Government agencies are indirectly supporting investment in
Instem technologies through funding a wide variety of commercial
organisations and research institutes as well as purchasing
solutions directly for their government research facilities.
Through this, Instem's products can also be mandated by authorities
for use by third parties involved in public sector programmes.
Growth Strategy
Instem will continue to focus on growing organically through
further penetration of existing product suites into pharmaceutical
organisations, CROs and research institutions. The Company's aim is
to increase recurring revenues and growth by maintaining market
leadership with established product suites and introducing new
solutions organically, acquisitively and through exclusive third
party arrangements, which satisfy an ever increasing proportion of
the early drug development market.
The approaching deadline for the requirement to submit SEND data
sets presents an important opportunity for Centrus.

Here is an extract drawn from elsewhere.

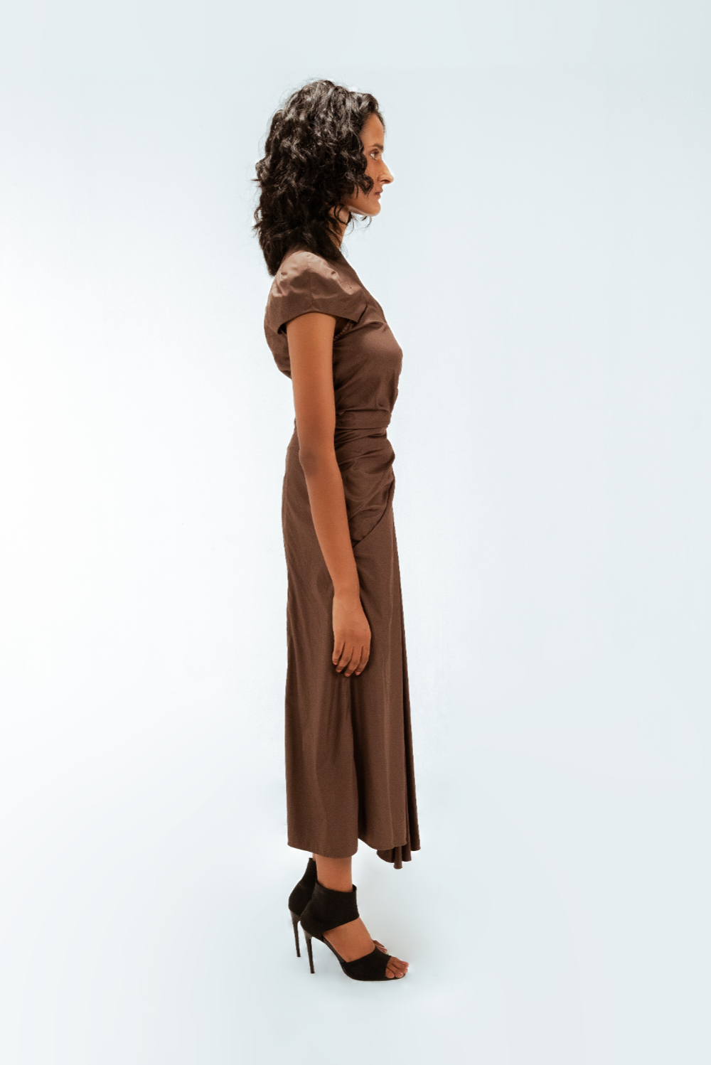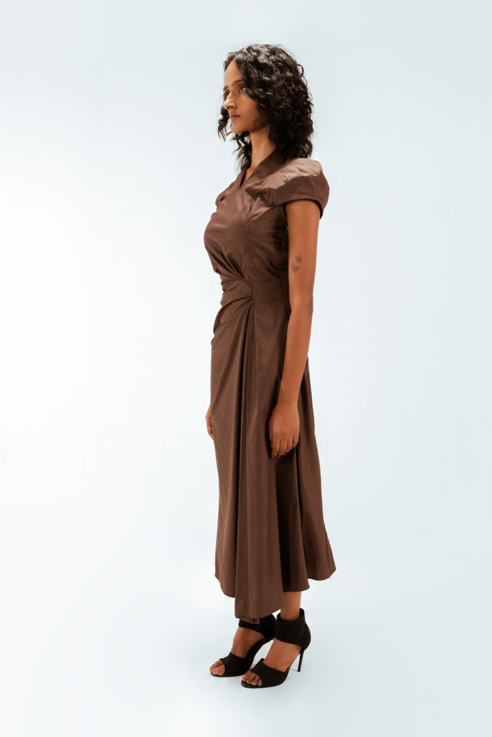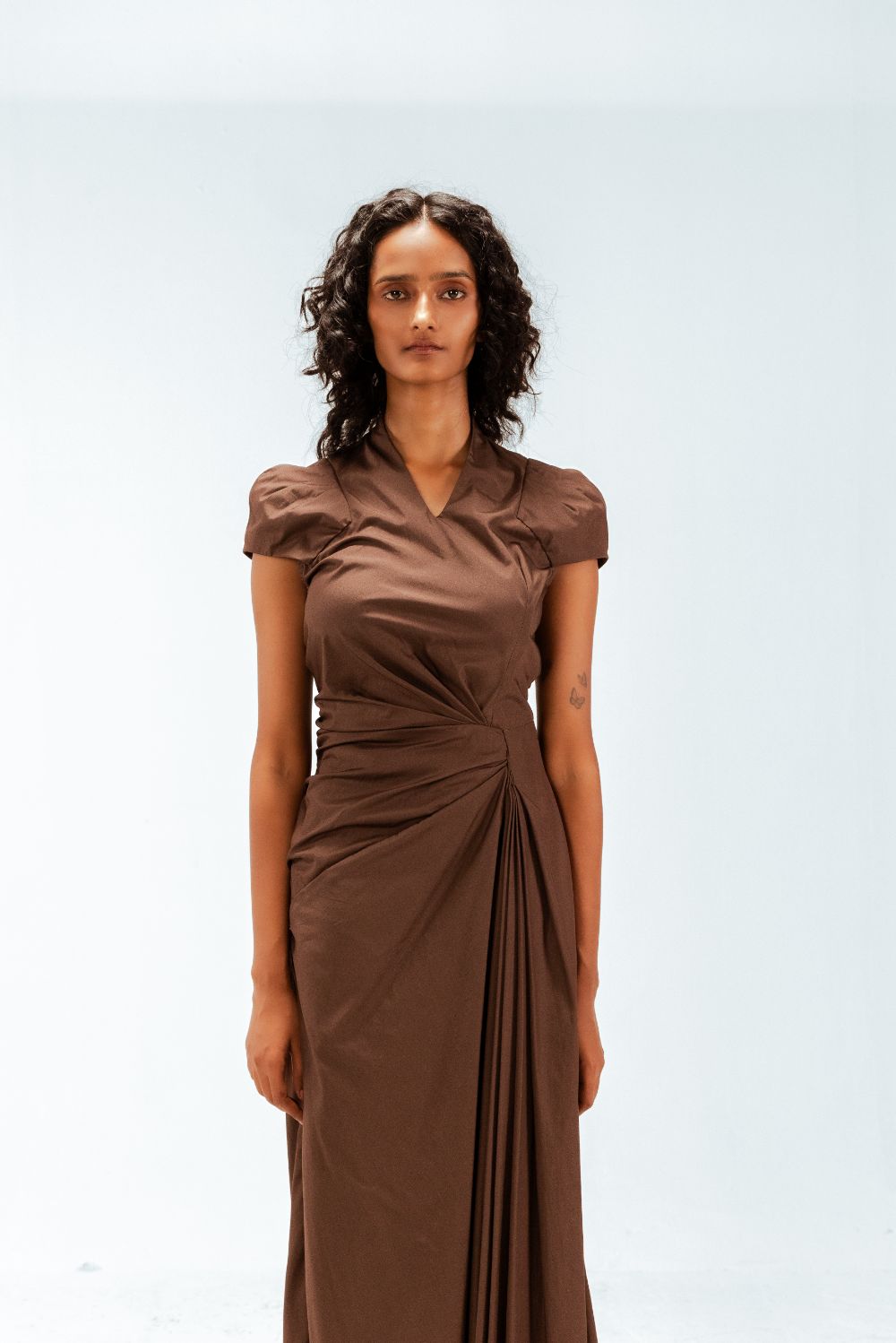 Precisely cut for a refined silhouette, this draped midi dress features sculpted cap dart sleeves that contour the shoulders with subtle structure. One-sided asymmetric pleats are expertly draped from the waist, adding depth and directional movement. Model Height is 5'9". Model wears size S. Garment length is 55"

The growing
need for the management of 'Big Data' represents an opportunity for
Instem Scientific as companies look to mine large amounts of
historical data for the generation of scientific insight.
The trend, where large pharmaceutical organisations prefer to
select a smaller number of strategic providers for their research
software needs, continues to be the key focus of the Company's
acquisition strategy. The Company will continue to selectively
pursue additional bolt-on acquisitions that provide access to
adjacent markets and additional growth prospects.
Financial Review
The financial results demonstrate a solid performance in the
year with total revenues at GBP11.4m (2012: GBP10.7m). As described
in the Chairman's Statement, although market conditions were
challenging and resulted in the delay in one particularly
significant perpetual licence, there are nascent signs of a
recovery in end markets. Growth in revenues was principally driven
from the UK, with an increase from GBP1.3m in 2012 to GBP2.5m,
driven by new business orders for ALPHADAS received from
Retroscreen Virology,
Instem's business model consists of perpetual licence fees,
annual support, SaaS subscriptions and professional services.
Approximately 72% of revenue was recurring in nature (2012: 70%),
principally from annual support fees and SaaS subscriptions, with a
small contribution from professional fees.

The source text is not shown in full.